„Mózg to główny organ odpowiedzialny za funkcjonowanie organizmu, co oznacza, że jest wiecznie głodny i potrzebuje największej ilości składników odżywczych.”
można przeczytać w książce „Nakarm swój mózg” Delii McCabe.
- Mózg człowieka działającego w sytuacjach stresowych potrzebuje więcej składników odżywczych niż mózg człowieka zrelaksowanego.
- Ludzki mózg waży około 1,3 kg i zawiera 160 000 km naczyń krwionośnych. Zużywa 0,2 l krwi pompowanej przez serce i 25% tlenu, który trafia do organizmu.
- 60% wagi mózgu stanowią tłuszcze. Organizm nie potrafi wytworzyć tłuszczów wielonienasyconych NNKT, zaś my zjadamy za dużo tłuszczów, które w procesie produkcji zostały przetworzone, a za mało tych właściwych, których mózg potrzebuje do efektywnej pracy.
- Węglowodany to główne paliwo dla mózgu. Występują w różnych formach, jednak najlepsze są te nieprzetworzone, pełne składników odżywczych, błonnika i białka.

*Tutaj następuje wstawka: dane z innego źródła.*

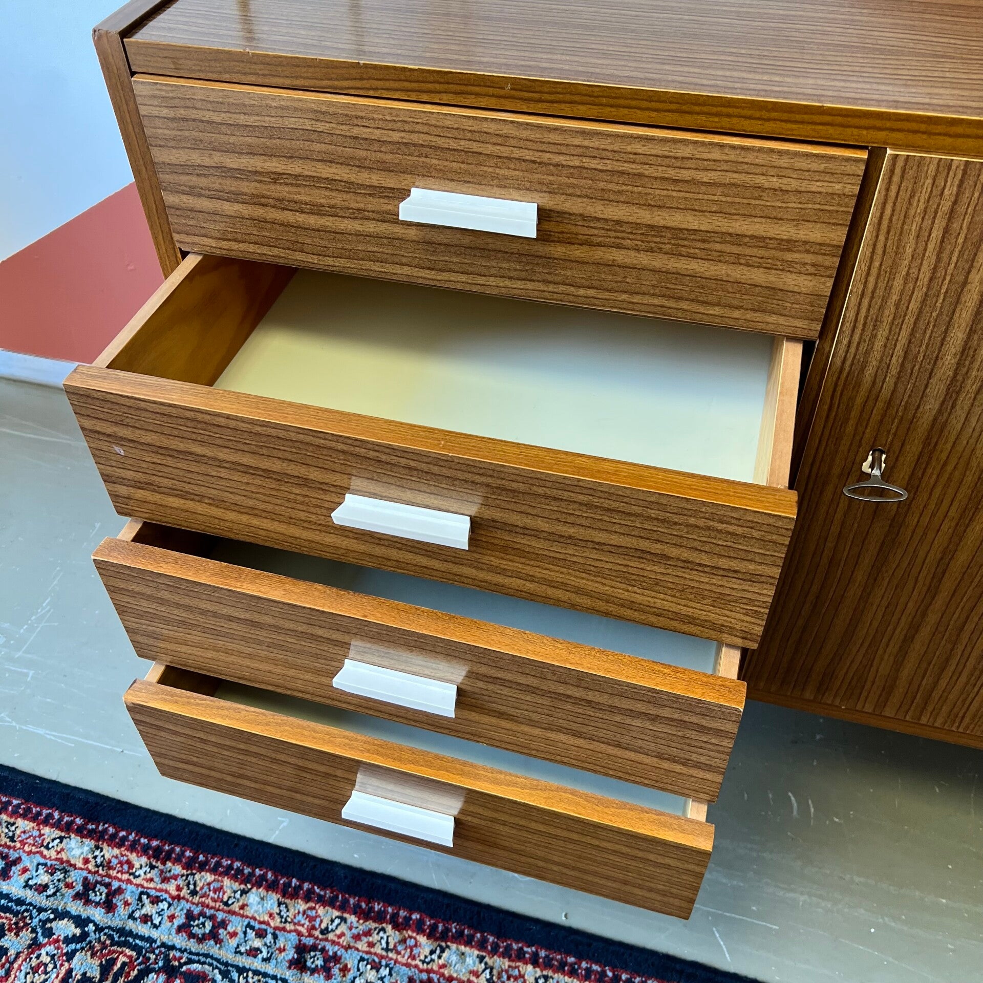 1x gesloten kast met slot (sleutel aanwezig), uitneembare plank en 4 ruime lades

- Witaminy i minerały są niezbędne dla zdrowia mózgu. Dzięki nim tworzy on np. nowe neuroprzekaźniki, utrzymuje elastyczność tkanek czy drożność przepływu krwi. Składniki odżywcze mają konkretną rolę do odegrania w mózgu, a nowoczesne diety mogą zahamować rozwój jego tkanek.

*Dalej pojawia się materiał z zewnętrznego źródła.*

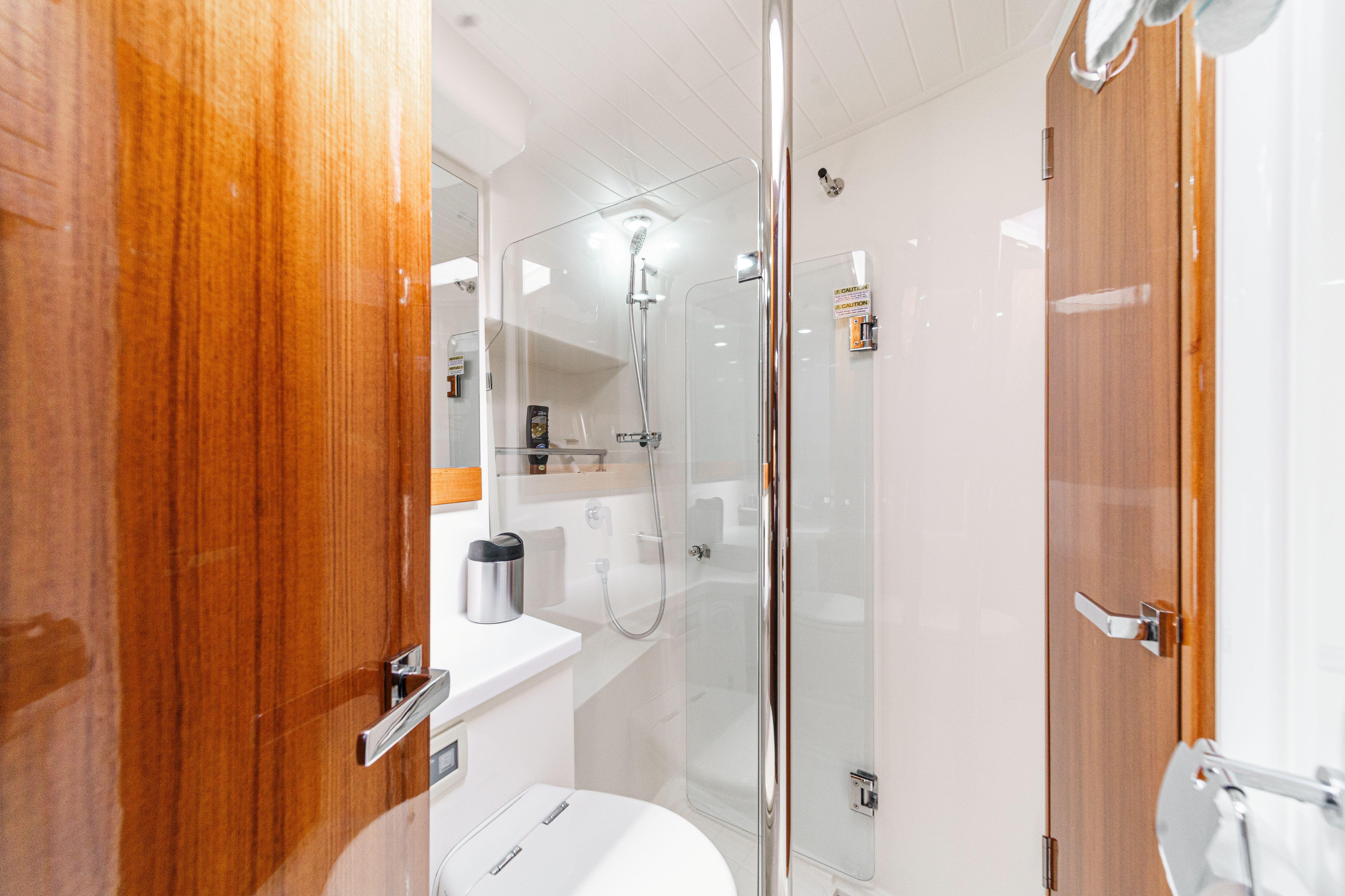 - En-suite head with shower, overhead hatch, and mirrored vanity with shelf storage.

- Produkty najlepsze dla mózgu:
– zielone rośliny liściaste, czerwone i fioletowe owoce jagodowe i warzywa w kolorze pomarańczowym, warzywa kapustne;
– orzechy i nasiona, w tym zimno tłoczone oleje z nich, a także tłuste owoce, tj. awokado i oliwki;
– pełne i wolne od glutenu ziarna oraz rośliny strączkowe;
– przyprawy takie jak kurkuma, imbir czy kolendra;
– ciemna czekolada;
– kiełki;
– superfoods, takie jak jagody goji czy jagody acai;
– produkty pochodzenia zwierzęcego od zwierząt karmionych trawą.
Sposób, w jaki się odżywiamy, może oddziaływać na nas zarówno pozytywnie, jak i negatywnie. Może dodawać nam skrzydeł lub podminowywać. To, co jemy, ma wpływ na pracę naszych mózgów, a więc na procesy myślenia i na wybory, jakich dokonujemy, jak sobie poradzimy z wyzwaniami i przeszkodami. Na naszą jakość życia. Sama się o tym przekonałam 🙂
To taki skromny wstęp do książki z ponad 100 posiłkami dla zdrowia naszych mózgów. Miłego czytania i gotowania 🙂
P.S. A tak w ogóle, to fajna ta książka, nawet bardzo fajna.